Il tempo, sostanza eterna, è funzione del movimento. Dal loro incontro nasce il ritmo, che forgiò la specie umana sin dai primordi. E che continua nella sua opera riformatrice, a dispetto dei luoghi comuni che lo vogliono ancorato ad un passato ancestrale. Ma all’ombra delle narrazioni ed illusioni che ne occultano la percezione, quale umanità si sta dischiudendo al nostro presente? “Verso la specie” sembra indagare suoni, forme, gesto e movimento per ricostruire, attraverso la danza, una prospettiva incontaminata sul non detto della Specie. Dai ritmi più semplici delle prime coreografie si assiste ad una evoluzione che disvela, passo dopo passo, non una trama ma istantanee dell’umana condizione.
Non melodie ma rumori
Procedendo nella ricognizione, non melodie ma rumori, come elementi ordinanti di una continua tensione oramai metabolizzata del vivere. Nessuna parola, ma il linguaggio inequivocabile del corpo. Che non è diviso dalla distanza del segno dal suo referente, ma che rivela un’unità costante tra fisicità e spiritualità. Nei cerchi ricorrenti delle coreografie, niente narrazioni ma ritmi. Da cui trapelano sporadici gesti rivelatori.

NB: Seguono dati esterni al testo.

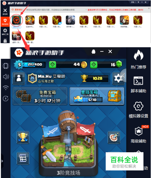 打开工具,点击启动侧边栏“我的游戏”中的“皇室战争”游戏图标,进入游戏;

Un salto nel vuoto dell’anima
Cullata da apparente normalità, da una forse ironica distanza tra sacralità, geometrie e costumi, emerge così il volto della violenza. Solo un attimo di cocente verità, un salto nel vuoto dell’anima espulsa dal coro, prima di ritornare al quotidiano divenire del ritmo. Claudia Castellucci, Leone d’Argento alla Biennale di Venezia 2020 quale “coreografa sobria, seria, minimalista ed esigente, che lavora con sacralità alla sua arte”, con questo lavoro sembra esprimere anche il suo rapporto con la danza. Percepita come sostanza, in senso aristotelico a differenza del teatro che è rappresentazione. La danza quindi, nella sua accezione contemporanea più pura. Non più arte prestata ad una narrazione ma essa stessa espressione di verità.